The premise this time is that scientists have found a “cure” for mutation, which rekindles hostilities between the humane mutant leader Xavier (Patrick Stewart, so dignified yet ineffectual that he could be auditioning for the lead in The Menzies Campbell Story) and his rabble-rousing rival, the militant Magneto (Ian McKellen, undeniably sinister but also faintly camp, like Ken Livingstone in mauve).

X-Men 3 is better than most comic book-inspired movies. It’s slick, stylish and has an eye-catching finale, in which Ian McKellen relocates the Golden Gate Bridge with murderous intent, and just as dangerously attempts to out-shout Vinnie Jones. There’s plenty of special-effects wonderment – men fly, houses levitate, almost everything explodes - plus the odd giggle, not always at the ex-Wimbledon defender’s expense.

One problem is that, although three of the leading characters die, emotionally it’s about as involving as Tony’s last cabinet reshuffle.

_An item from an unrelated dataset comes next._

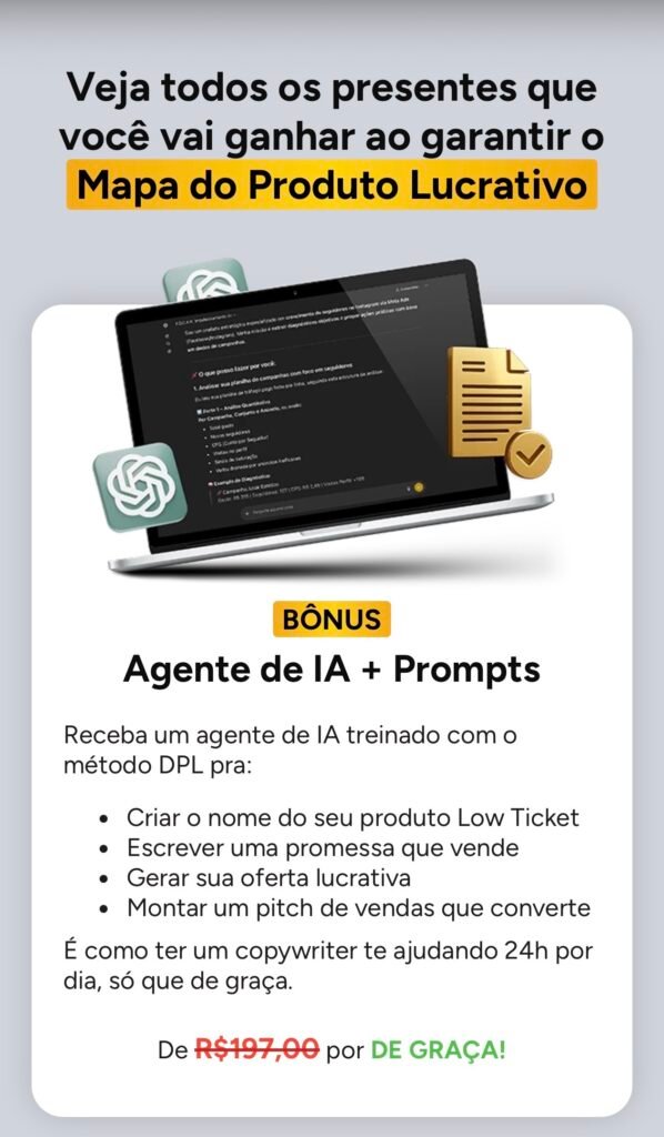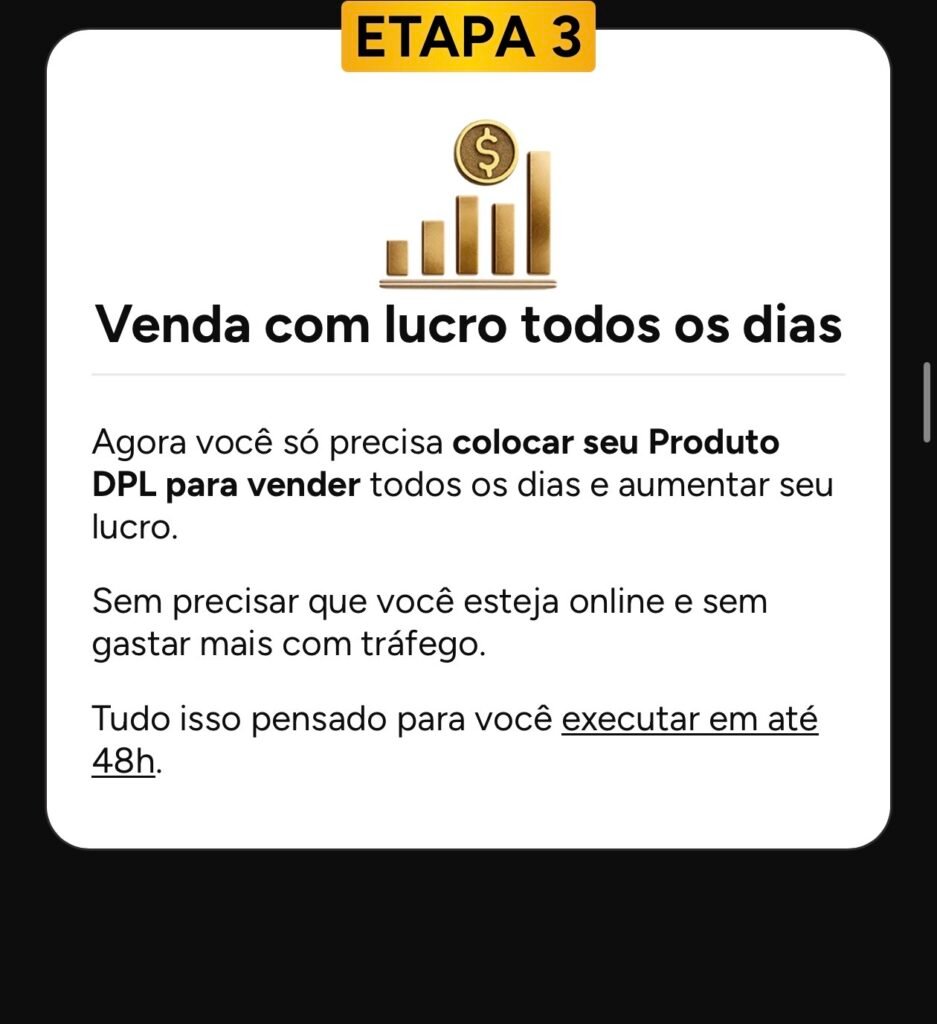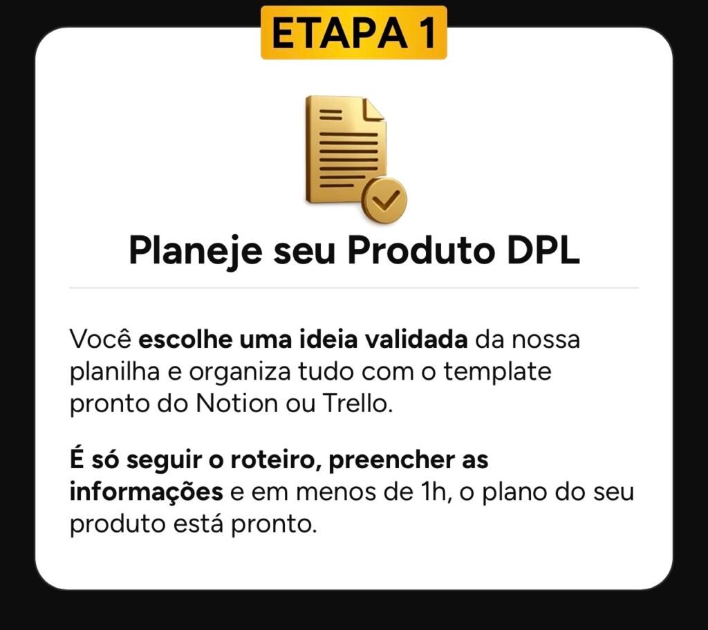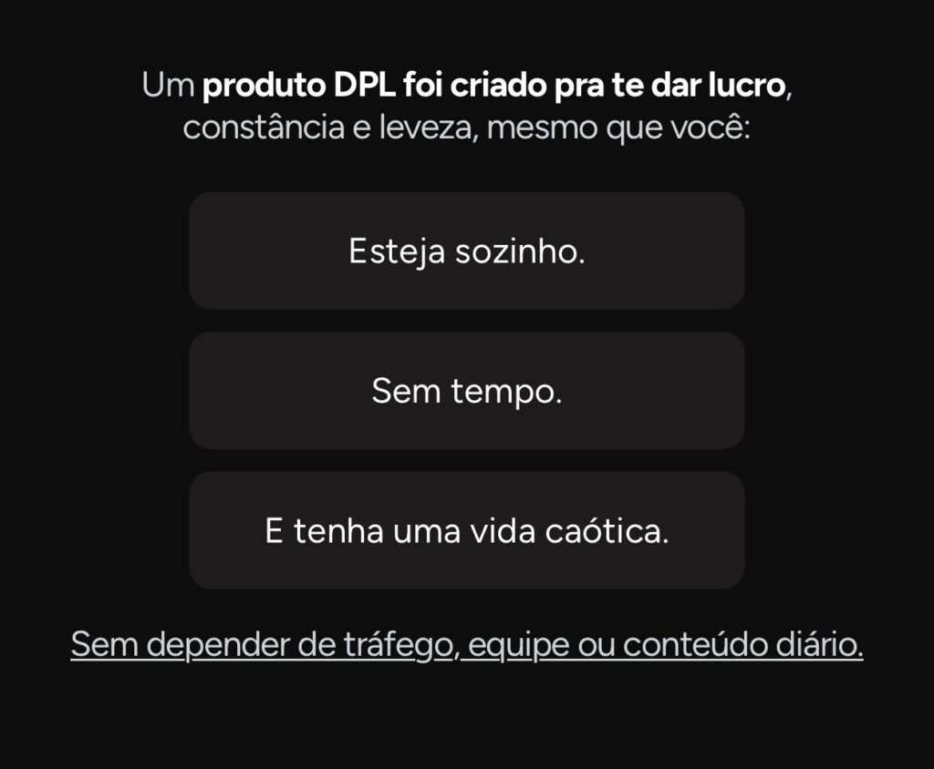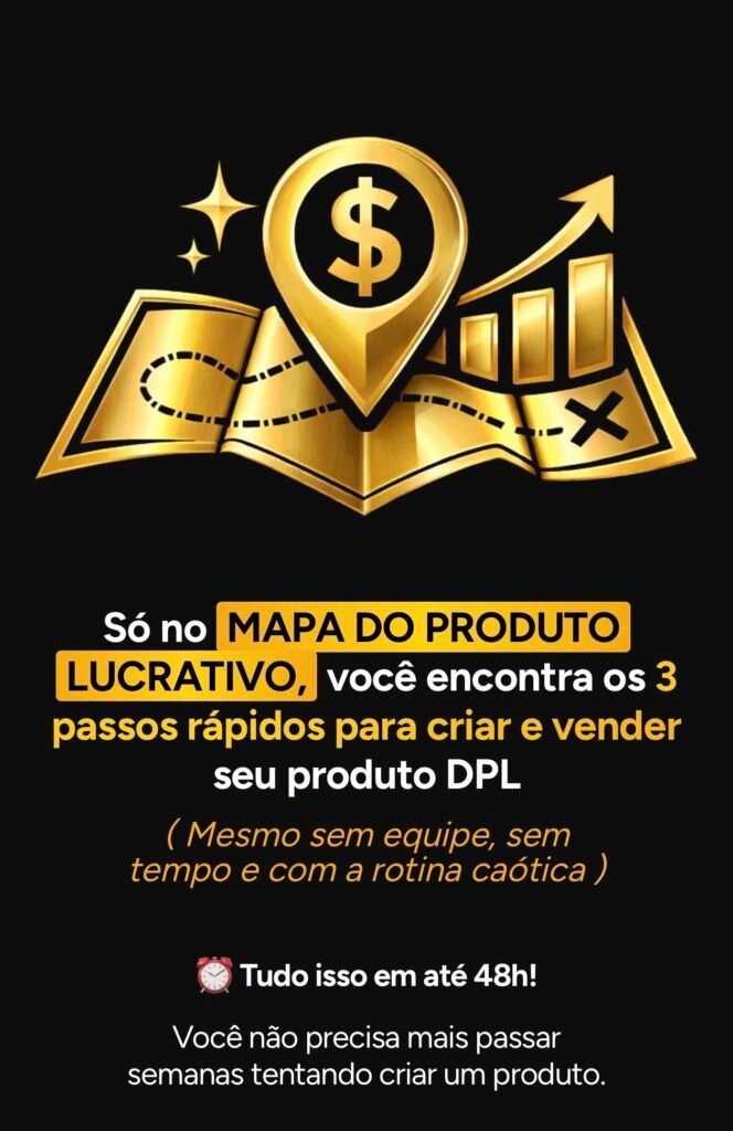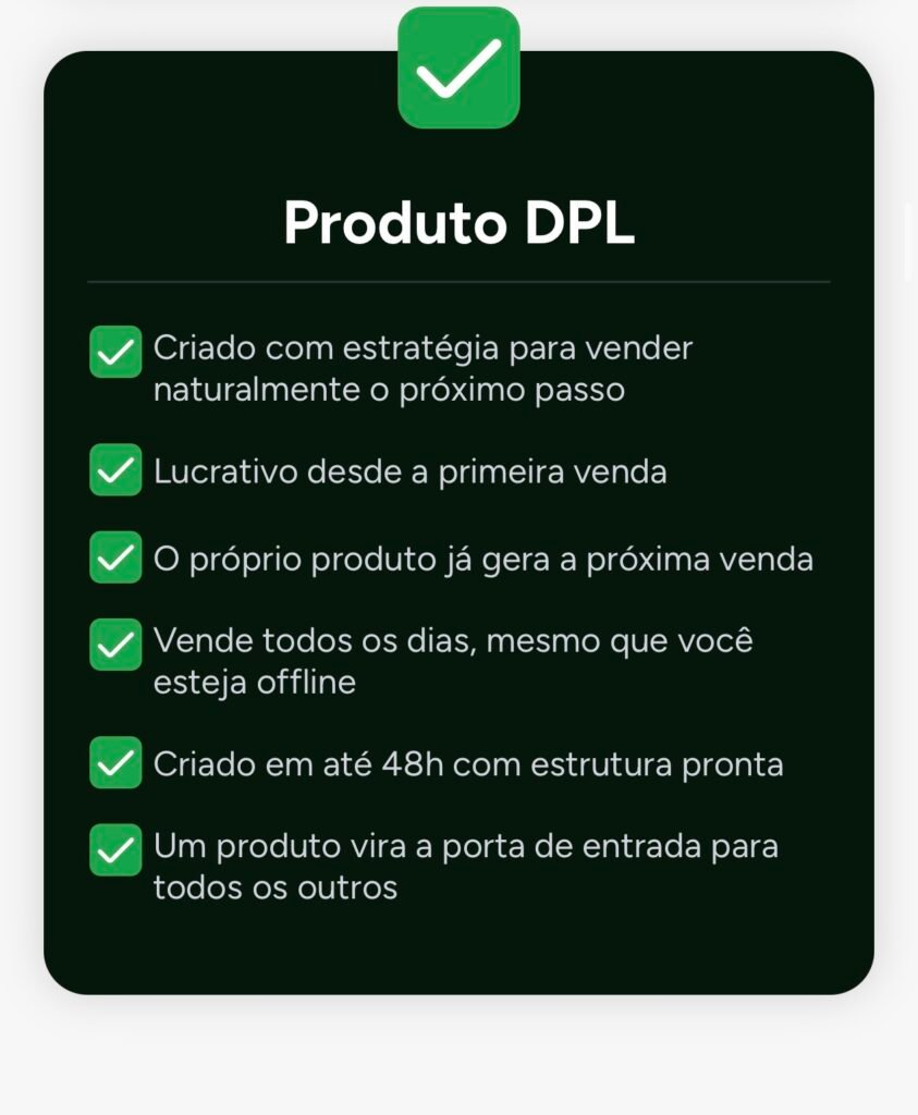 É um passo a passo direto ao ponto pra você criar um Produto DPL que vende todos os dias, sem precisar de equipe, tempo ou criar conteúdo.

There are too many characters to care about, and some (notably Anna Paquin as Rogue, the mutant answer to Hazel Blears) get so little screen-time that you wonder why they’ve bothered to show up.

Unless you’re a fan already, you’re likely to be bored by the troubled relationship between the only charismatic X-man (Hugh Jackman’s Wolverine, pictured) and the woman he loves, or at any rate lusts after. Yes, Famke Janssen is back from the dead and suffering from serious anger management issues, plus a worrying outbreak of varicose veins on her face.

Director Brett (Rush Hour) Ratner is ever-eager to sacrifice everything for pace, and unlikely ever to become a by-word for sensitive or cerebral film-making.

The basic problem, though, is that the premise behind the X-men series - that mutants are being oppressed by “normal” humans – has been lost.

These mutants are just too glamorous. You know that they could never be second-class citizens when they look this fabulous: in real life, they’d all be on the new Tory party A-list, or presenting the news.